#### ABOUT THIS EXERCISE:
Please, without any pictures, set down exactly the part of the listing below that opens with the line containing "Nhà hàng Sen" and closes with the line containing "odśnieża tory tramwajowe".

#### ENTRIES SUPPLIED:

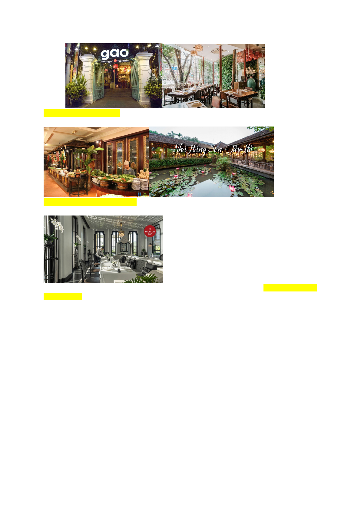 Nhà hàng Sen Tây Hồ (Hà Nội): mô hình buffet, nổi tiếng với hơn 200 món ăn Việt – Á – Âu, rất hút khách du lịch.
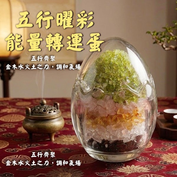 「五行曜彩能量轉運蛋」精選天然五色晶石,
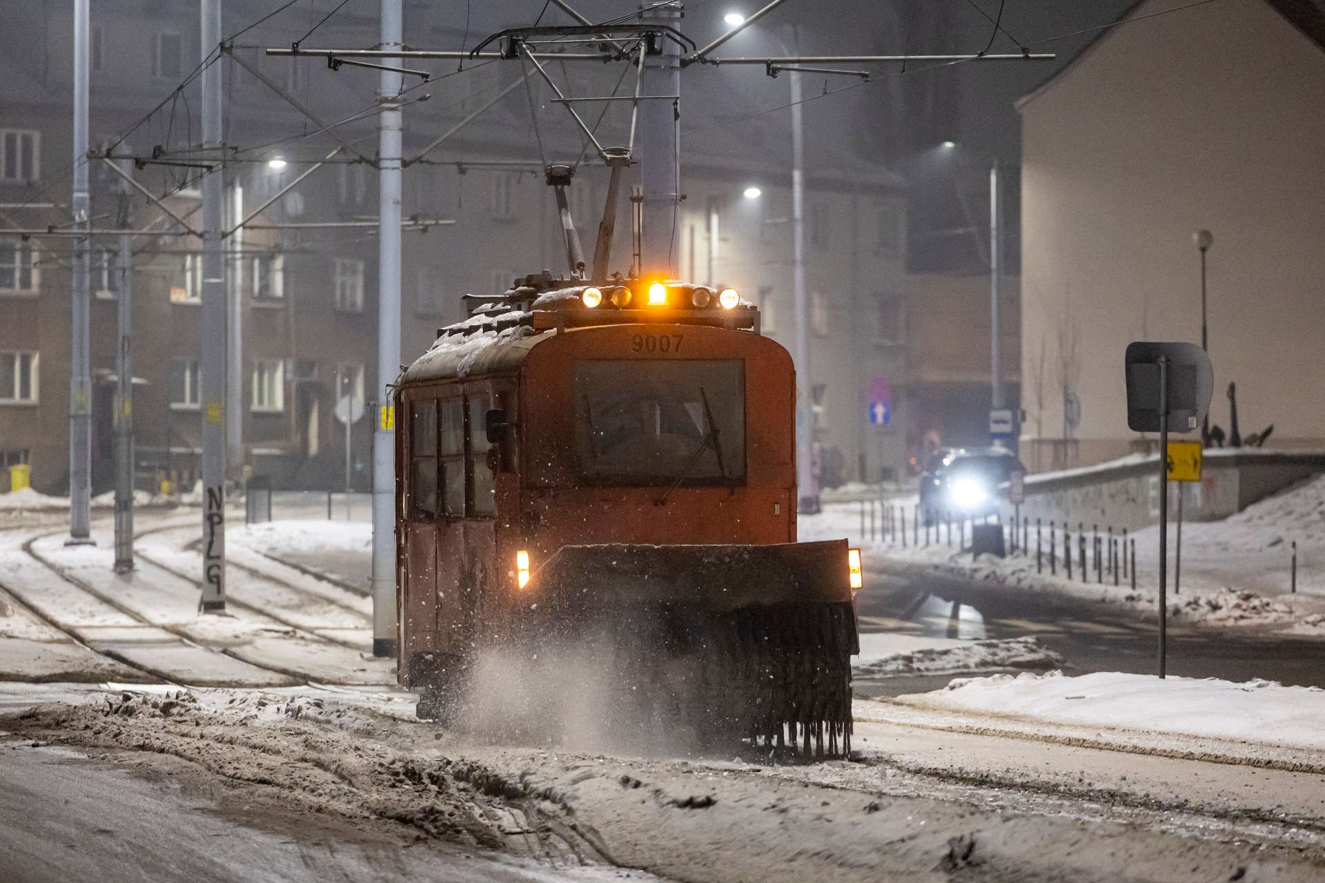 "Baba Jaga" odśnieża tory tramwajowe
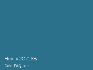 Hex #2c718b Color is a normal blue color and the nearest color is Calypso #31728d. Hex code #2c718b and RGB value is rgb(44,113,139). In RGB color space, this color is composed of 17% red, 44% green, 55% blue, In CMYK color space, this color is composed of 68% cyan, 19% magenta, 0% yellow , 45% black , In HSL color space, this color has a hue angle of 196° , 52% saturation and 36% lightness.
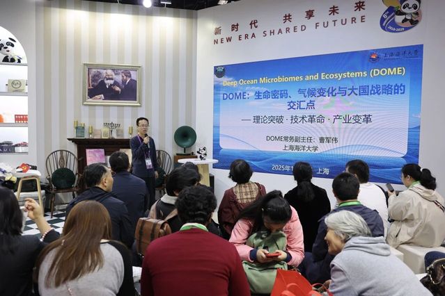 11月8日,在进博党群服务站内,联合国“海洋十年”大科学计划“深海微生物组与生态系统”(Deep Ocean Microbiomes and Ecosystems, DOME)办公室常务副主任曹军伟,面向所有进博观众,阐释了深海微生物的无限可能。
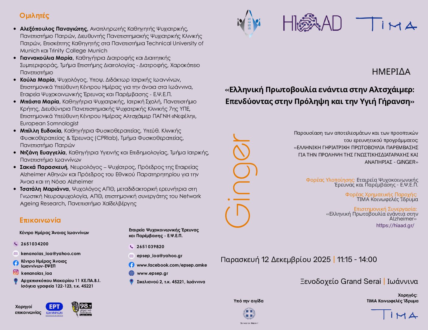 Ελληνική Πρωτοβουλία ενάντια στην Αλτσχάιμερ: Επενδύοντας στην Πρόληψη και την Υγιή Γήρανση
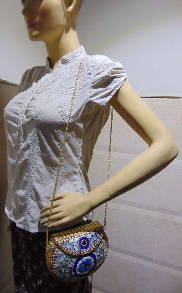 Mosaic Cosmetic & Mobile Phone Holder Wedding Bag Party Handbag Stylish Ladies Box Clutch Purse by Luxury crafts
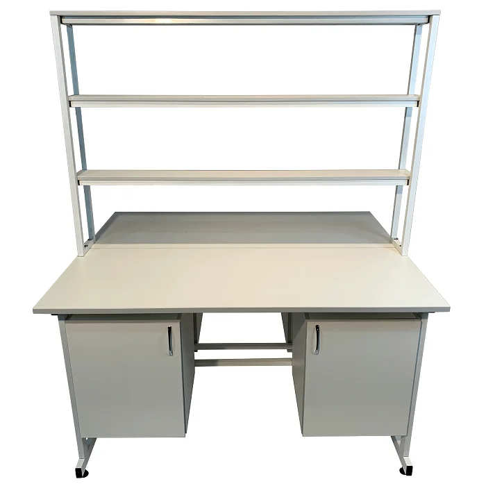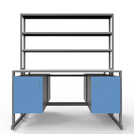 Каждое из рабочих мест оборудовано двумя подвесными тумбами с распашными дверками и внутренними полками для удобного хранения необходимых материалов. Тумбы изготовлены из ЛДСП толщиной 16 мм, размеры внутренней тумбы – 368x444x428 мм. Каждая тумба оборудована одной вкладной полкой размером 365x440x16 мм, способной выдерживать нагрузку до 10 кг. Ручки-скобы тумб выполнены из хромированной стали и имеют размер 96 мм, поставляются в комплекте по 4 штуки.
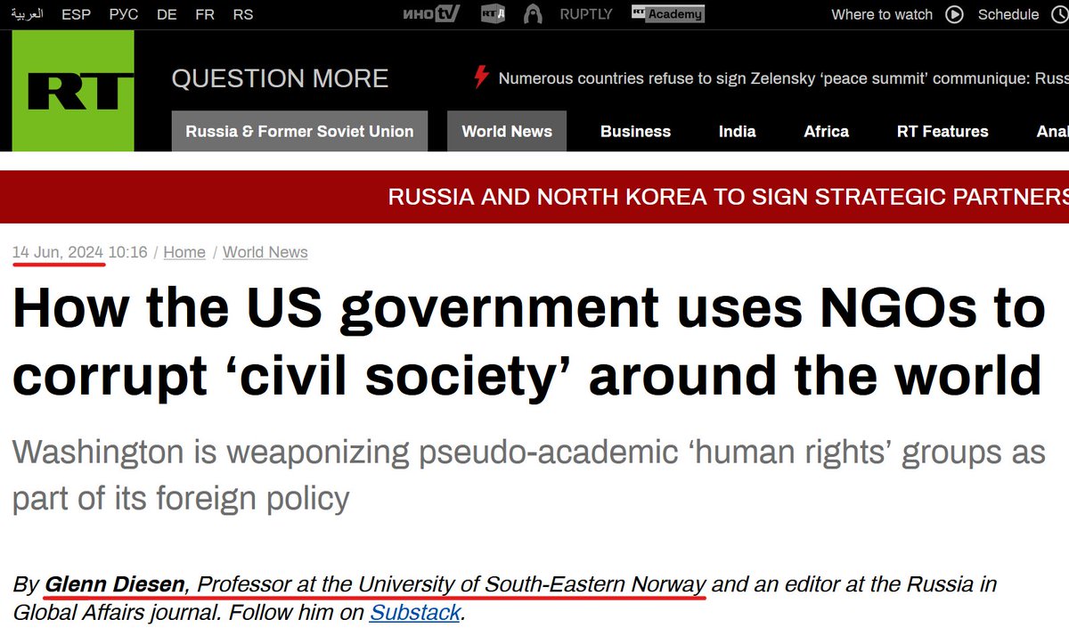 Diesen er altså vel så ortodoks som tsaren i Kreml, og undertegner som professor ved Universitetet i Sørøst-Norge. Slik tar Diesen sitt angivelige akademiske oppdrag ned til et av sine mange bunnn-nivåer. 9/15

* * *

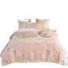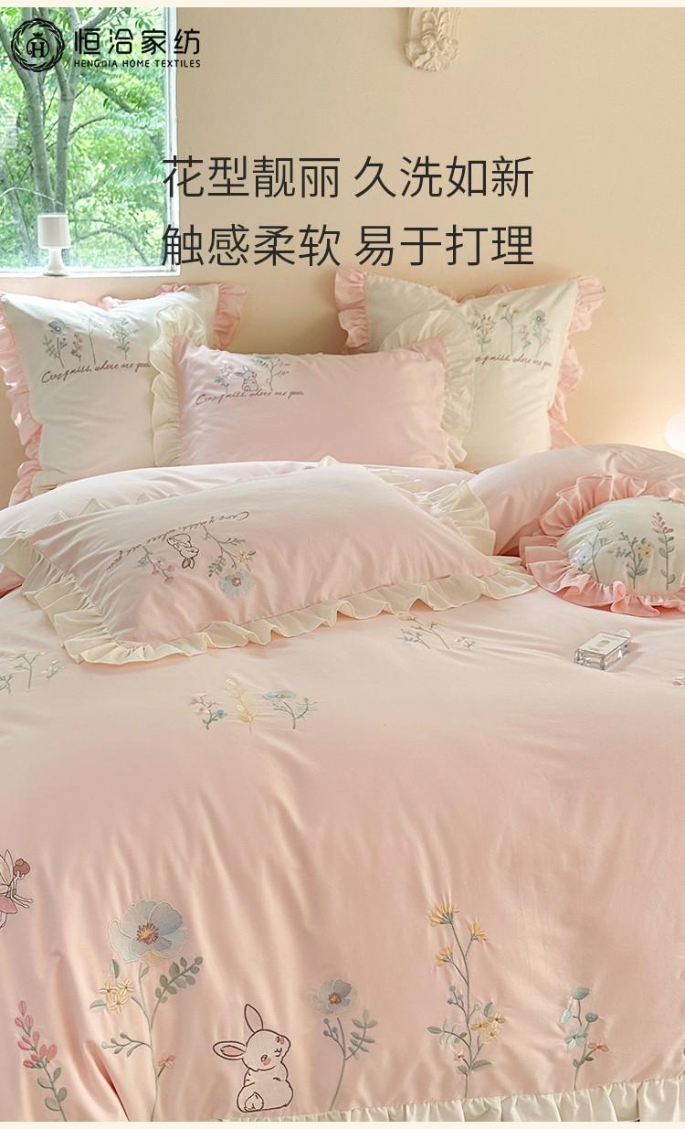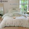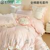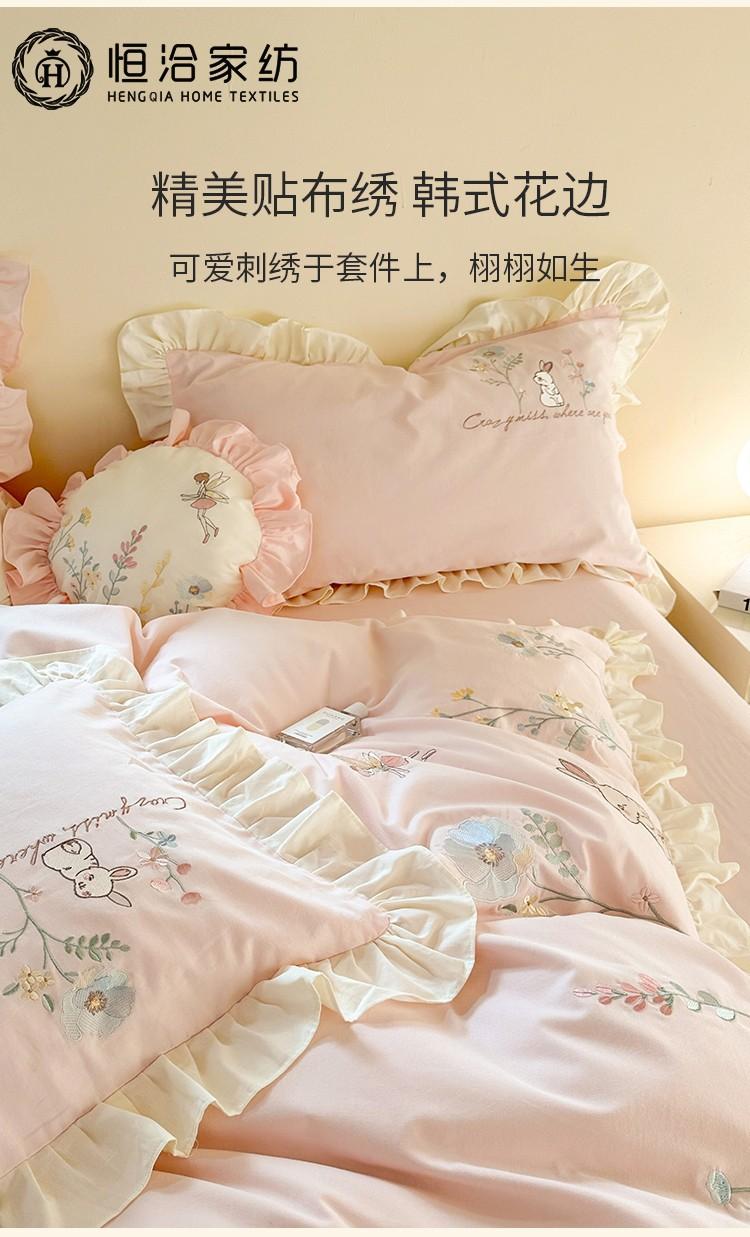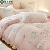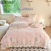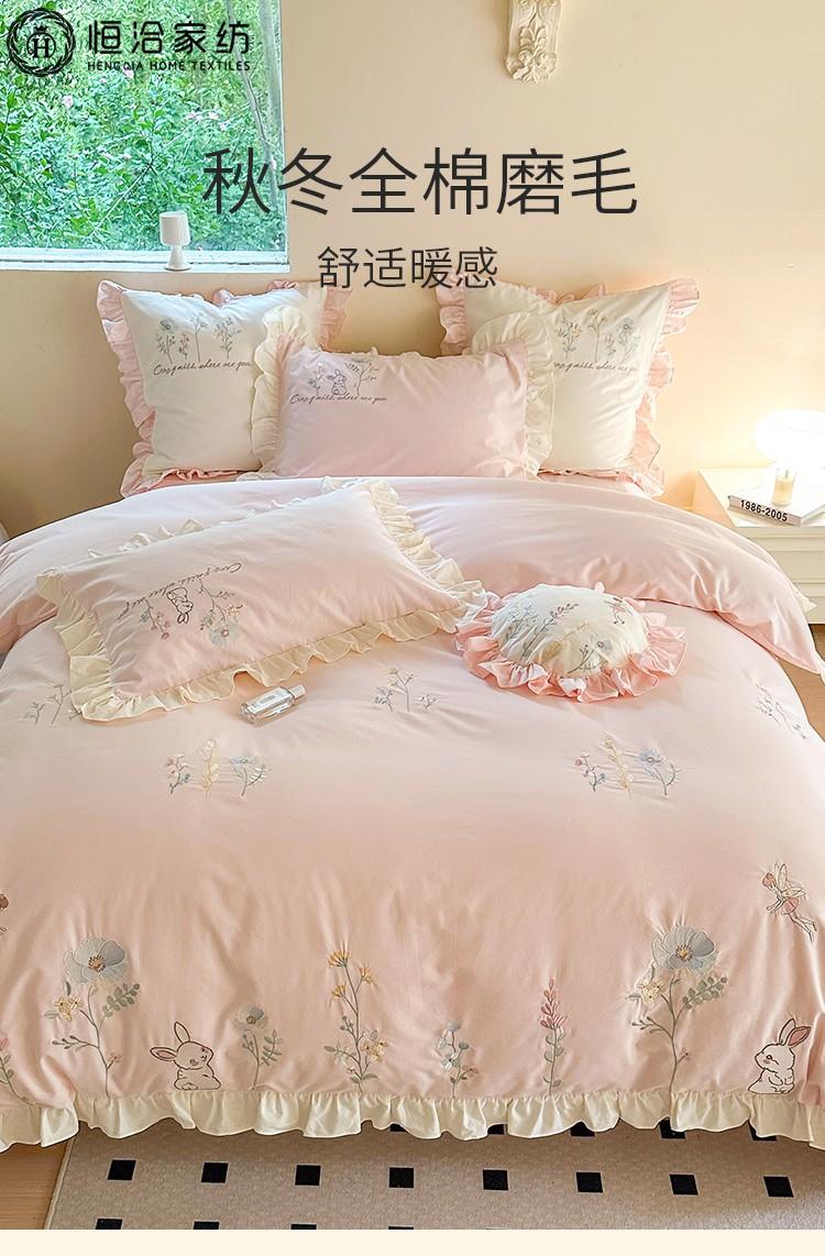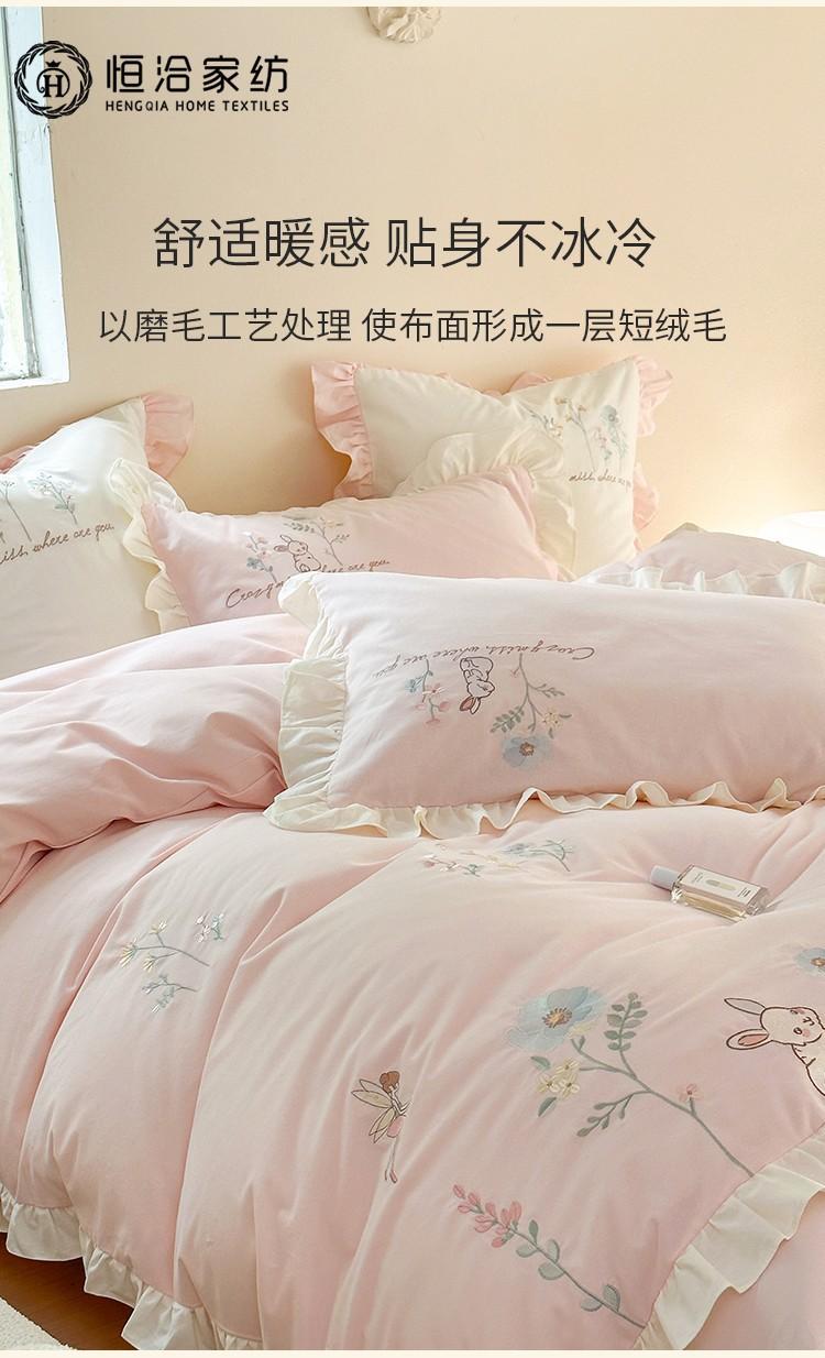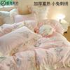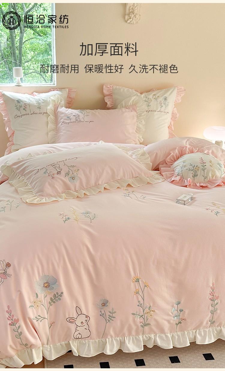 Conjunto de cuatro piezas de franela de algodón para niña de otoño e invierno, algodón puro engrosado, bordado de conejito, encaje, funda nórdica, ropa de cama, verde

--

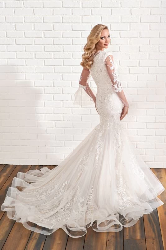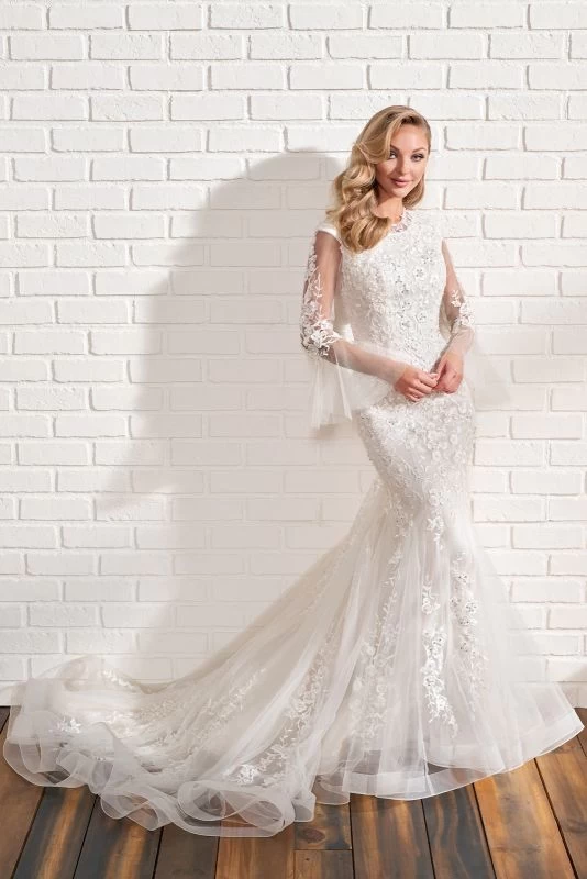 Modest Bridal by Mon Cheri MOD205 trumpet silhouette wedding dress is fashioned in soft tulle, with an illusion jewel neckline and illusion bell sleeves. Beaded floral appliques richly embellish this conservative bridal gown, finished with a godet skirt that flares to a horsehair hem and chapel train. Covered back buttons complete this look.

#### RESPONSE FOR THIS EXERCISE:
 Nhà hàng Sen Tây Hồ (Hà Nội): mô hình buffet, nổi tiếng với hơn 200 món ăn Việt – Á – Âu, rất hút khách du lịch.
 「五行曜彩能量轉運蛋」精選天然五色晶石,
 "Baba Jaga" odśnieża tory tramwajowe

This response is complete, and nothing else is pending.